We want to continue listing these names within a page AND still index the page BUT not index specified names or keywords in search engines.
Can this be done page-by-page or would setting up two pages be a better work around:
Options available:
PHP can censor keywords if user-agent=robot/search engine
htaccess to restrict robots to non-censored content, but allowing to a second censored version
meta tags defining words not to index ?
JavaScript could hide keywords from robots but otherwise viewable
I will go through the options and tell you some problems I can see:
PHP: If you don't mind trusting user agent this will work well. I am unsure how some search engines will react to different content being displayed for their bots.
htaccess: You would probably need to redirect the bot to a different page. You could use the url parameters but this would be no different then using a pure PHP solution. The bot would index the page it is redirected to and not the page you wish to visit. You may be able to use the rewrite engine to over come this.
meta tags: Even if you could use meta tags to get the bot to ignore certain words, it wouldn't guarantee that search engines won't ignore it since there is no set "standard" for meta tags. But that doesn't matter since I don't no of any way to get a bot to ignore certain words or phrases using meta tags.

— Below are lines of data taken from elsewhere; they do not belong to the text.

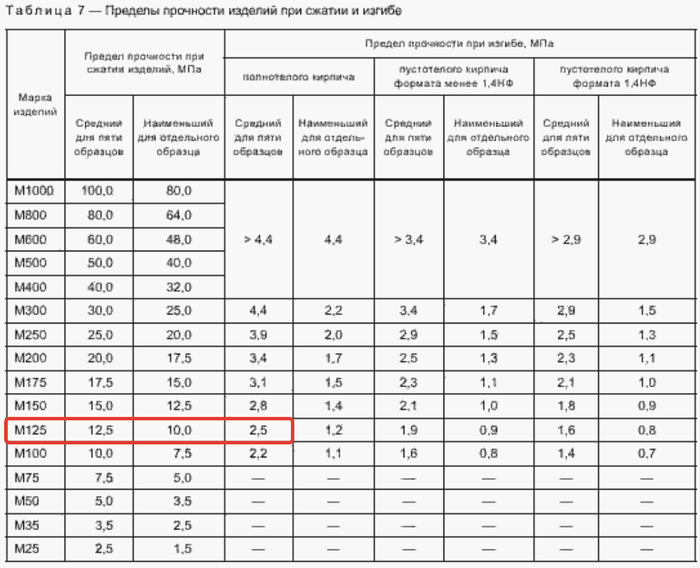 Максимально допустимый порог прочности состава для каждой марки индивидуален.
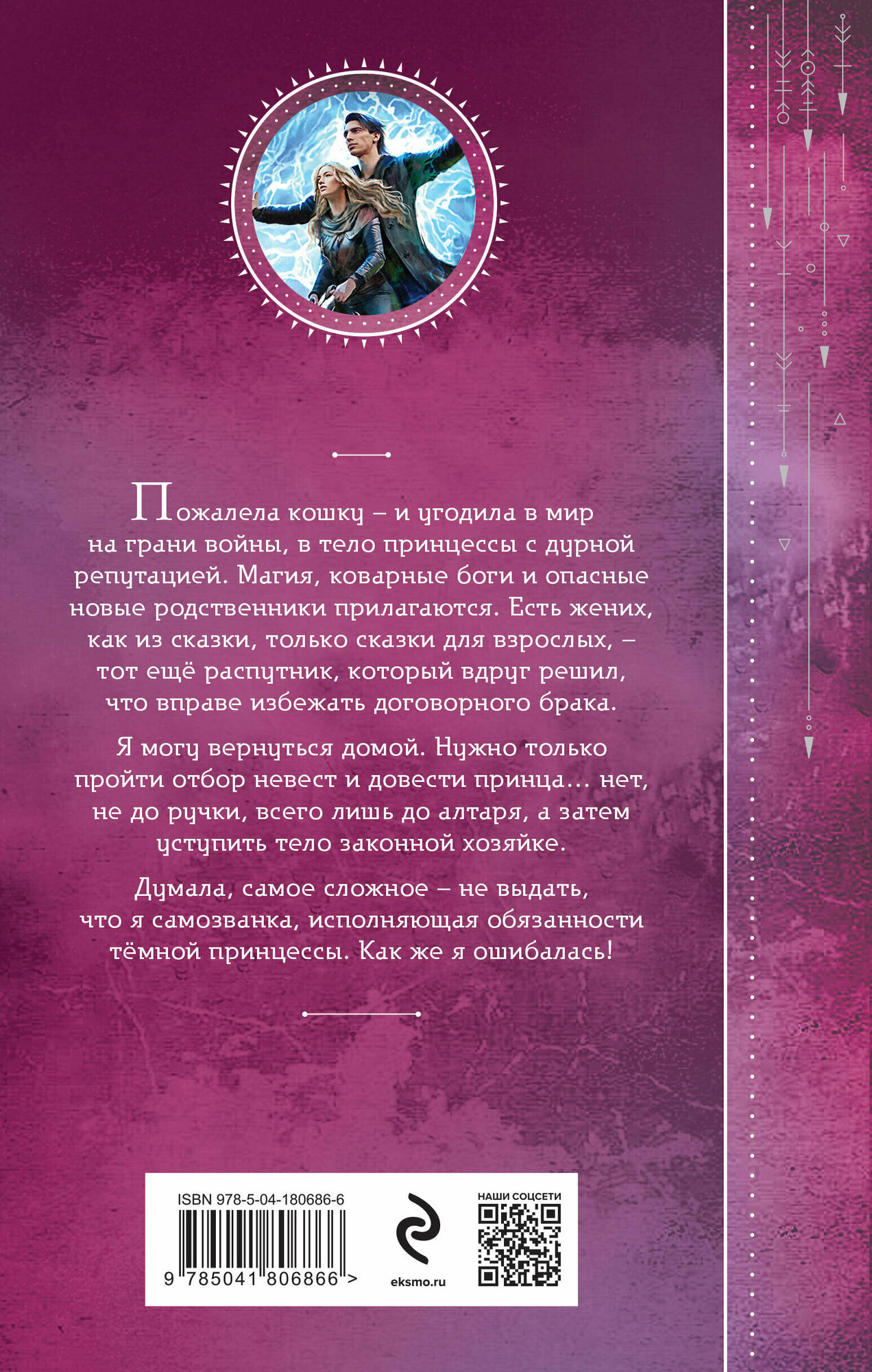 Пожалела кошку — и угодила в мир на грани войны, в тело принцессы с дурной репутацией. Магия, коварные боги и опасные новые родственники прилагаются. Есть жених, как из сказки, только сказки для взрослых, — тот еще распутник, который вдруг решил, что вправе избежать договорного брака. Я могу вернуться домой. Нужно только пройти отбор невест и довести принца… нет, не до ручки, всего лишь до алтаря, а затем уступить тело законной хозяйке. Думала, самое сложное — не выдать, что я самозванка, исполняющая обязанности темной принцессы. Как же я ошибалась!
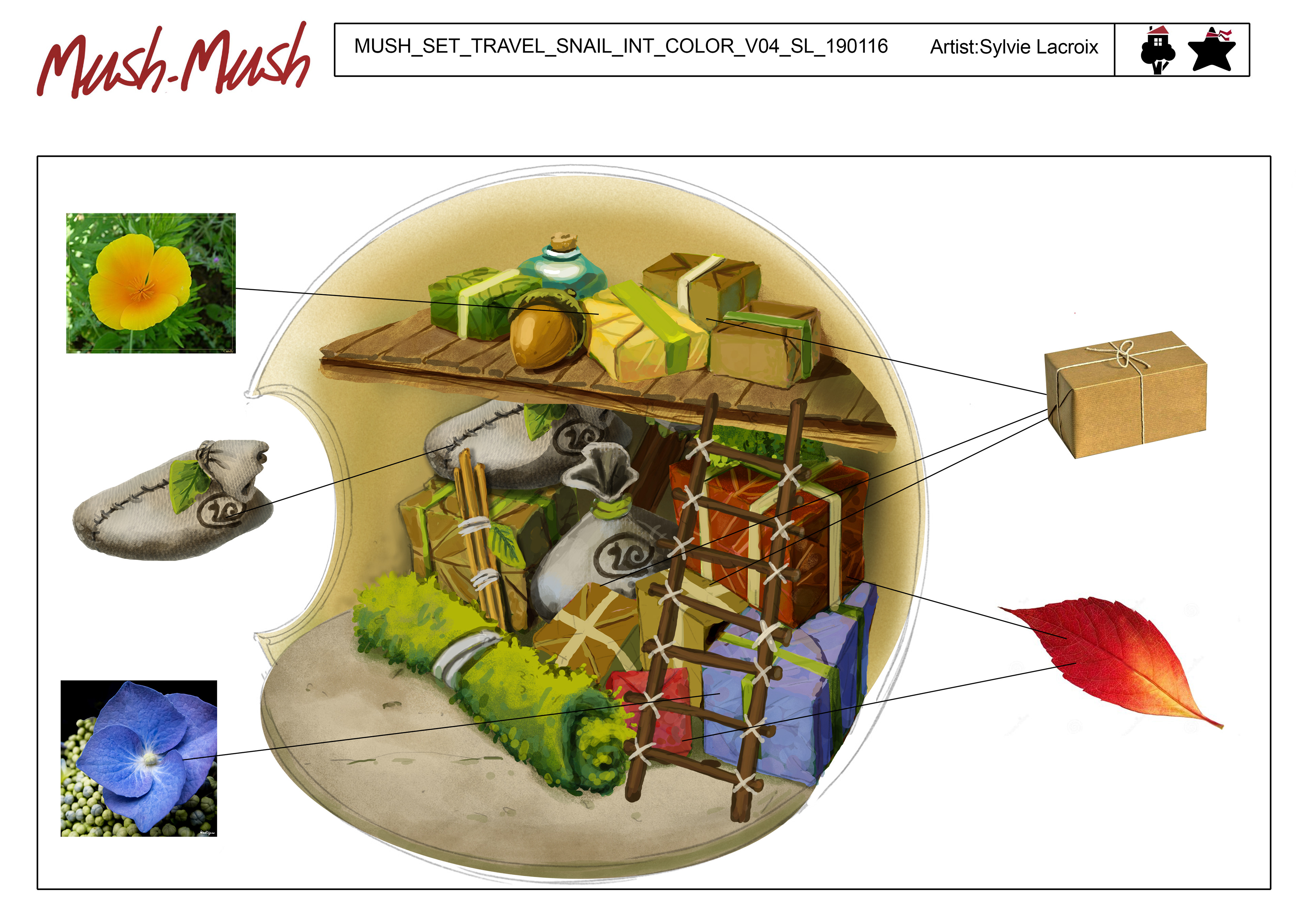 For this TV show produced by La Cabane Productions and Thuristar, I was in charge to adapt the 2D black and white designs of the author Elfried de Rooster to paintings that gives info about volumes, colors, and shaders.
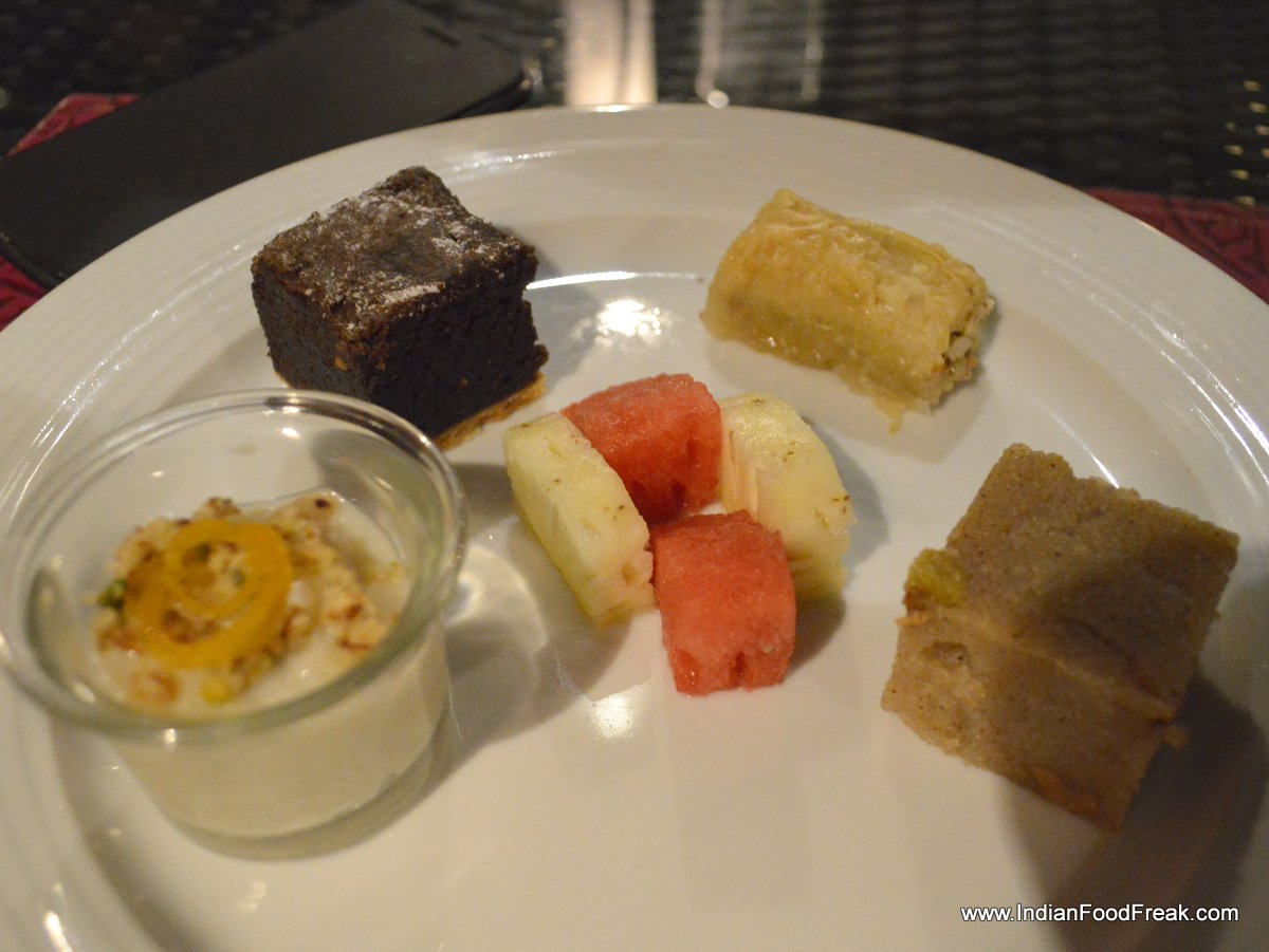 Mains – The New Zealand Grilled Lamb Chops were done rare and were bleeding on the plate – wish the chef had asked us how we liked our meat grilled. But these were more than made up by the New Zealand lamb cutlets which had a hidden cheese centre holding the soft cutlet together doing the same job our chana dal does in shaami kebabs as also the Jumbo Cochin Grilled Prawns flown in daily from Cochin.

JavaScript: No bot I have ever heard of executes (or even reads) JavaScript when looking at a page, so I don't see this working. You could display the content you want hidden to the users using JavaScript and bots won't be able to see it but neither will users who have JavaScript disabled.
I would go the PHP route.
You can tell robots to skip indexing particular page by adding ROBOTS meta:
<META NAME="ROBOTS" CONTENT="NOINDEX, NOFOLLOW">
UPDATE: The ways to restrict indexing of particular words I can think of are:
Use JS to add those to the page (see below).
Add module to the server that would strip those words from the rendered page.
JavaScript could be something like this:
<p>
<span id="secretWord">
<SCRIPT TYPE="text/javascript">
<!--
document.write('you can protect the word by concating strings/having HEX codes etc')
//-->
</script>
</span>
</p>
The server module is probably best option. In ASP.NET it should be fairly easy to do that. Not sure about PHP though.
What's not clear from your posting is whether you want to protect your names and keywords against Google, or against all search engines. Google is general well-behaved. You can use the ROBOTS meta tag to prevent that page from being indexed. But it won't prevent search engines that ignore the ROBOTS tags from indexing your site.
Other approaches you did not suggest:
Having the content of the page fetched with client-side JavaScript.
Force the user to execute a CAPTCHA before displaying the text. I recommend the reCAPTCHA package, which is easy to use.
Of all these, the reCAPTCHA approach is probably the best, as it will also protect against ilbehaved spiders. But it is the most onerous on your users.